Franklin OnChain US Government Money Fund (FOBXX) still topped with a 31.9% market share, worth $384M per Dune Analytics data.
But BUIDL Fund has played a swift catch-up. It recorded deposits worth $245M in the first week before surging to $270M.
Ondo Finance substantially led to BUIDL’s growth after moving $95M of assets to back its US treasury-backed token OUSG. Ondo’s move was aimed at leveraging instant settlements offered by BUIDL.
As a result, Ondo will offer a new OUSG version, rOUSG, pegged to the dollar and a yield-bearing token. The yields are payable through more rOUSG tokens.

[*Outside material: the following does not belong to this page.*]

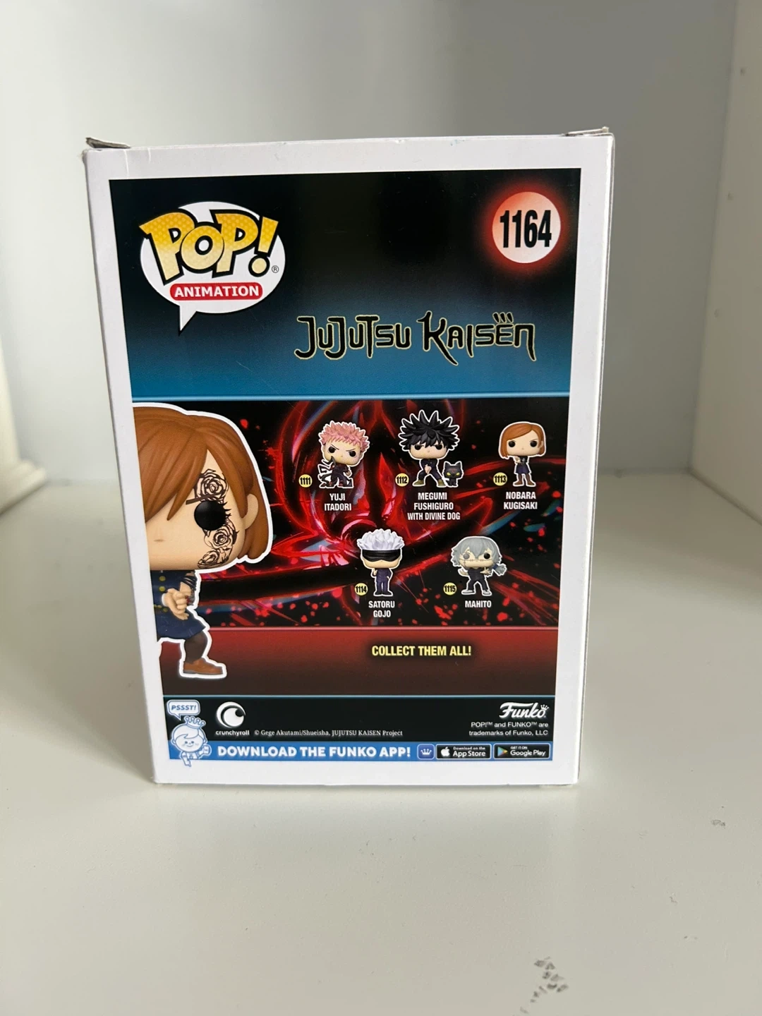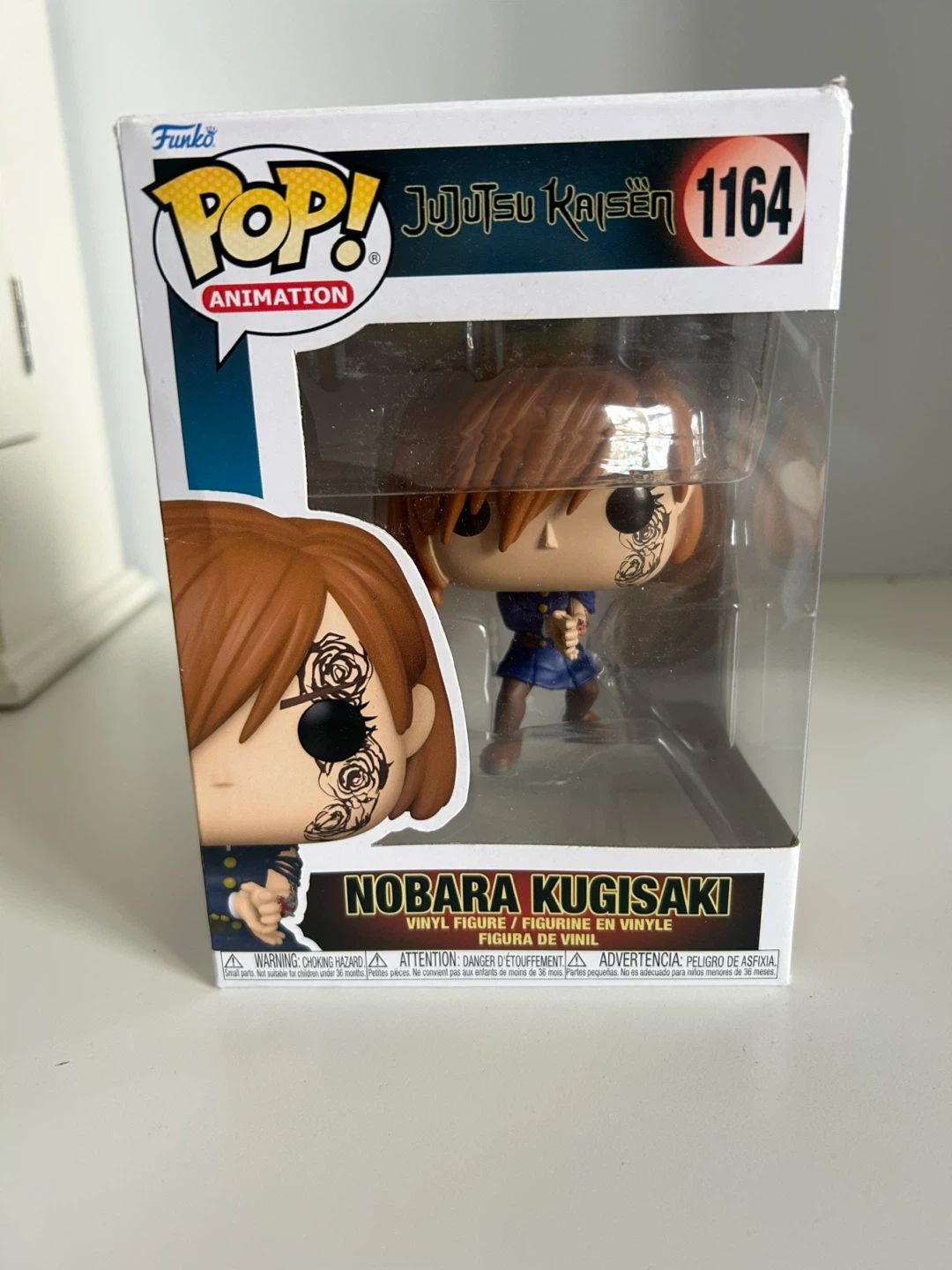 This is a Funko Pop! vinyl figure of Nobara Kugisaki from Jujutsu Kaisen, model number 1164. It comes in its original packaging. This collectible figure is made of vinyl.
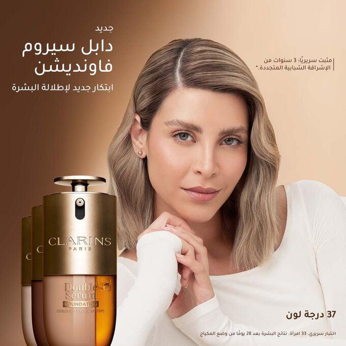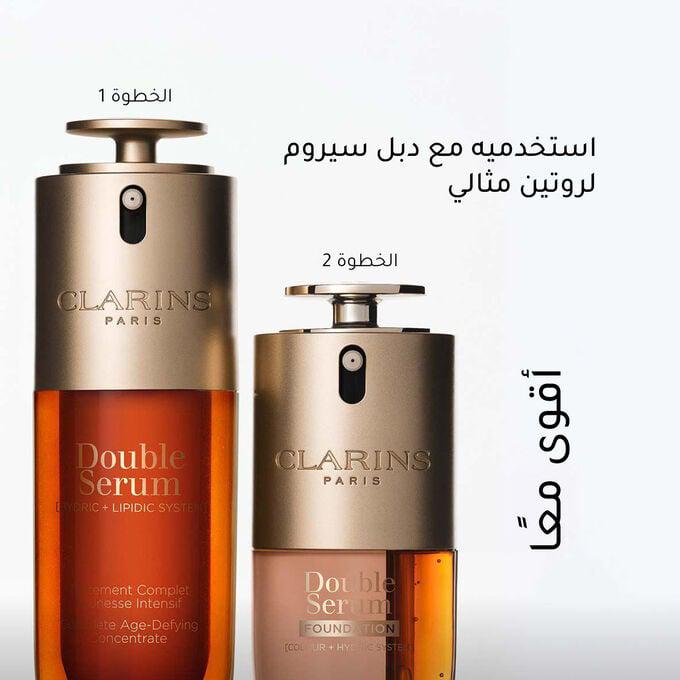 كريم أساس دبل سيروم Double Serum Foundation من Clarins يجمع بين فوائد العناية بالبشرة وتغطية المكياج تركيبة مزدوجة يعتمد على نظام COLOR + HYDRIC المستوحى من تقنية دبل سيروم الشهيرة حيث يمزج بين مرحلة اللون ومرحلة مائية للعناية بالبشرة يحتوي على 14 مكوناً نباتياً فعّالاً منها مستخلص الكركم لتعزيز حيوية البشرة، والباباين لتنعيم ملمسها وحمض الهيالورونيك للترطيب العميق حيث يوفر تغطية من متوسطة إلى كاملة بلمسة نهائية ساتانية مضيئة ويساعد على إخفاء العيوب مع الحفاظ على مظهر صحي وطبيعي يدوم اللون والراحة على البشرة لمدة تصل إلى 12 ساعة يعمل على تنشيط الوظائف الحيوية للبشرة مما يمنحها مظهراً أكثر شباباً وإشراقاً مع الاستخدام المستمر.

BUIDL’s foray tipped the tokenized US treasuries to hit $1 billion in market cap at the end of March. Etherscan data showed BUIDL had nine holders with total deposits amounting to $349 million as of April 25.
Based on the above data, BUIDL Fund is second only to FOBXX (with over $358M). Ondo’s OUSG comes third. On the network front, tokenized US treasuries are concentrated on Stellar and Ethereum.
The US tokenized market cap was above $1.1 billion in late April 2024. However, Boston Consulting Group estimates that the tokenized assets market will reach $16 trillion by 2030.
For BUIDL, the demand could come from crypto firms and exchanges that buy US treasuries as part of their reserves. Instead of going to wirehouses to buy US treasuries, these entities can buy them on-chain from BlackRock through the BUIDL Fund.
Interestingly, crypto users welcomed BlackRock into the space in the typical degen fashion by sending NFTs and memecoins to BUIDL Fund’s wallet addresses. The Fund now boasts memes like PEPE and MEOW per Arkham data.
However, experts view BlackRock's foray into the tokenization space as the beginning. Market watchers view the move as a “vote of confidence” on Ethereum and expect more on-chain products like on-chain funds, securities, debt, real estate, etc.
However, despite the expansive market and sound partnership, BUIDL Fund isn’t entirely risk-free.
It's worth noting that the Fund will issue shares according to Rule 506(c) under the Securities Act of 1933 and Section 3 (c)(7) of the Investment Company Act. However, BUIDL interests aren’t registered with the SEC and won’t be listed on exchanges.
Like the rest of crypto, tokenized assets, including BUIDL, face a risk of regulatory uncertainty, which can affect the performance of these new products.
Besides, BUIDL can only be sold to approved entities. Because it is a new product, limited secondary markets could also limit its liquidity.
Wild Bitcoin volatility could also lead to BUIDL de-pegging from the USD alongside massive outflows that can affect its value.
Additionally, given the several partnerships that ensure round-the-clock settlement, BUIDL is susceptible to counterparty risks, including cyber hacks.
BlackRock’s move into tokenized assets after deploying BUIDL Fund is a game changer in the RWA segment. As the world's largest asset manager, BlackRock's foray into spot BTC ETFs spiked institutional FOMO. Its iShares Bitcoin Trust (IBIT) became one of the best-performing ETFs in history.
The asset manager has now shifted focus to the tokenization of assets, starting with the BUIDL Fund for institutions. After its debut, the Fund recorded impressive growth as firms like Ondo jumped on it for instantaneous settlement.
The renewed demand tipped the US tokenized assets to hit $1B in market cap. More growth opportunities still exist as the market is expected to hit $16 trillion by 2030. However, inherent crypto market risks like regulatory uncertainty can undermine performance.
Nevertheless, BlackRock's foray into spot BTC ETFs and tokenizing assets legitimize crypto in financial markets. Hence, this will be positive for the crypto market in the long run.